Over twee jaar vakantievluchten vanaf Lelystad Airport

vliegtuiglelystad.jpg

Vanaf 1 april 2019 kunnen vakantievluchten vanaf Lelystad Airport vertrekken. Daarmee blijft de vertraging van de uitbreiding van de luchthaven beperkt tot een jaar. Dat heeft staatssecretaris Sharon Dijksma (Infrastructuur en Milieu) vrijdag aan de Tweede Kamer laten weten.

De vertraging is ontstaan omdat een nieuwe indeling van de vertrek- en naderingsroutes op grotere hoogte in het drukke Nederlandse luchtruim ingewikkelder was dan gedacht. De nieuwe planning die Luchtverkeersleiding Nederland hiervoor heeft gemaakt is volgens Dijksma haalbaar en realistisch.

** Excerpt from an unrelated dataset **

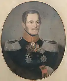Friedrich Wilhelm von Rauch (15 March 1790 in Potsdam – 9 June 1850 in Berlin) was a lieutenant general in the Prussian Army. Born in Potsdam, he was the son of major general Bonaventura von Rauch and took part in the War of the Fourth Coalition. He served as an adjutant general to King Frederick William IV of Prussia and as Prussia's military attaché at the Russian court of Emperor Nicholas I. He died in Berlin. His restored tomb monument is still there in the Invalids' Cemetery. His sons Alfred Bonaventura and Friedrich Wilhelm von Rauch also became generals.

Om de gevolgen van de vertraging zoveel mogelijk te beperken wordt gekeken of het aantal starts en landingen in het eerste jaar kan worden verhoogd. Deze zomer moet daar duidelijkheid over komen. Oorspronkelijk was het voornemen om op 1 april 2018 met 2000 vliegbewegingen te beginnen.

Extra onderhoudsvluchten

Op Lelystad Airport zijn ook vliegtuigonderhoudsbedrijven gevestigd. Dijksma bekijkt of de luchthaven toestemming kan krijgen om enkele extra onderhoudsvluchten (vliegtuigen die alleen voor onderhoud komen) per dag te ontvangen. Mogelijk worden de openingstijden van de luchthaven hiervoor uitgebreid. De extra onderhoudsvluchten kunnen voor extra werkgelegenheid zorgen.

Korte en middellange vakantievluchten

De luchthaven moet korte en middellange vakantievluchten van Schiphol gaan overnemen. De nationale luchthaven gaat zich richten op intercontinentale vluchten en overstappers. Uiteindelijk moeten dat maximaal 45.000 vliegbewegingen en 6,7 miljoen passagiers worden in 2043. De Schiphol Group is eigenaar van Lelystad Airport.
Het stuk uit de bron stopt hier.